**DATASET EXCERPT:**
▬▬▬
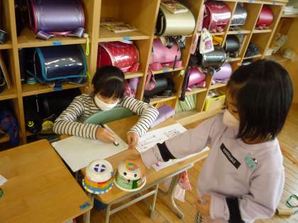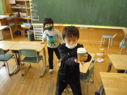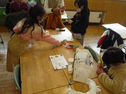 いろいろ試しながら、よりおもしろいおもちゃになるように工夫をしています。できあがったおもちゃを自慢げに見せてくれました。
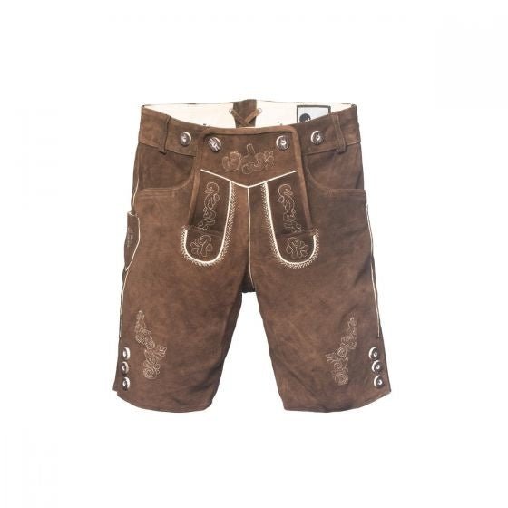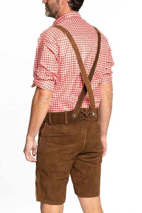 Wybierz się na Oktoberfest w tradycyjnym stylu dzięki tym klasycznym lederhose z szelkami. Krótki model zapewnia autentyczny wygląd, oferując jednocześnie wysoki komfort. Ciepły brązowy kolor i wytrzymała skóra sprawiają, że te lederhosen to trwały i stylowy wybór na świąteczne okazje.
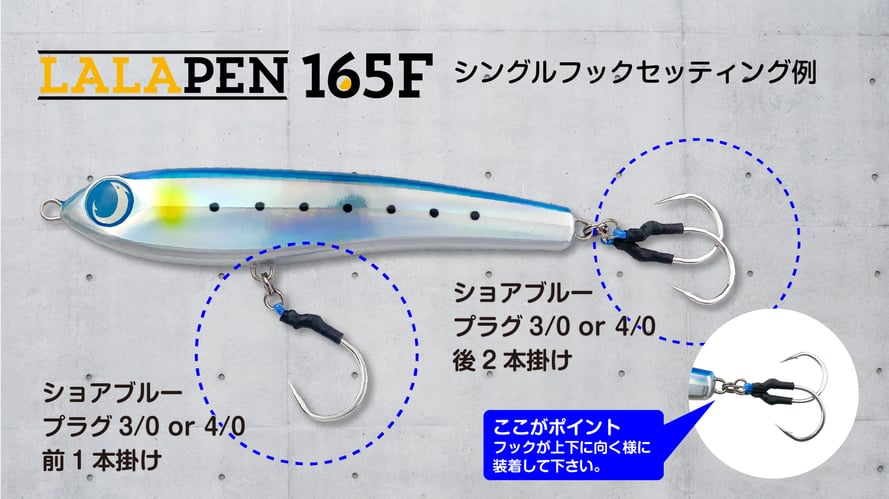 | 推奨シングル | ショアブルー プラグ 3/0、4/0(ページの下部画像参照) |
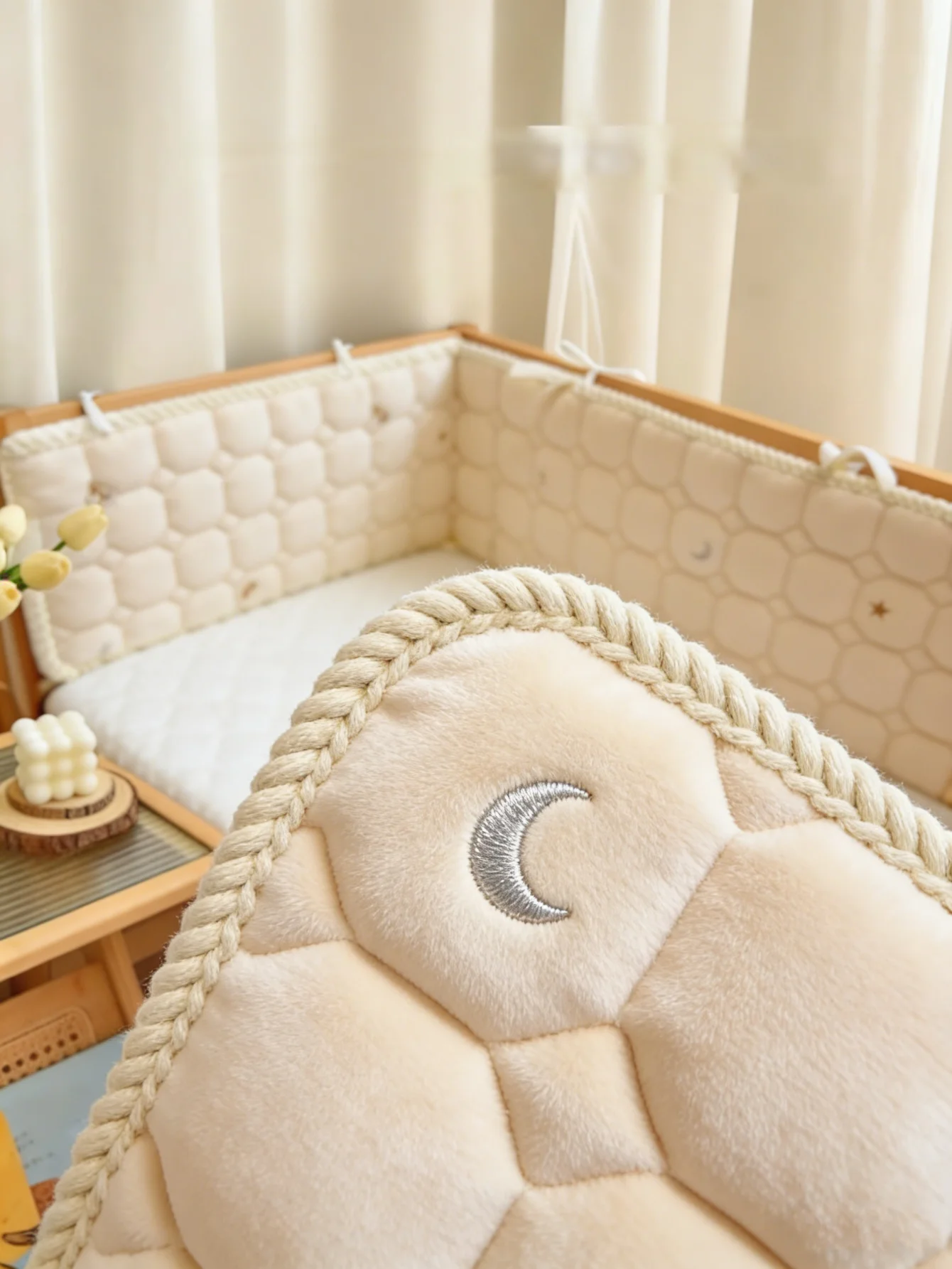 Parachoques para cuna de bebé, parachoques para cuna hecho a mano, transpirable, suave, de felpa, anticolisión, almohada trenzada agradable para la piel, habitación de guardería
▬▬▬
In the listing above, retype exactly, and only, the lines from the one containing "Wybierz się na" through the last line, both included. Omit the pictures.

 Wybierz się na Oktoberfest w tradycyjnym stylu dzięki tym klasycznym lederhose z szelkami. Krótki model zapewnia autentyczny wygląd, oferując jednocześnie wysoki komfort. Ciepły brązowy kolor i wytrzymała skóra sprawiają, że te lederhosen to trwały i stylowy wybór na świąteczne okazje.
 | 推奨シングル | ショアブルー プラグ 3/0、4/0(ページの下部画像参照) |
 Parachoques para cuna de bebé, parachoques para cuna hecho a mano, transpirable, suave, de felpa, anticolisión, almohada trenzada agradable para la piel, habitación de guardería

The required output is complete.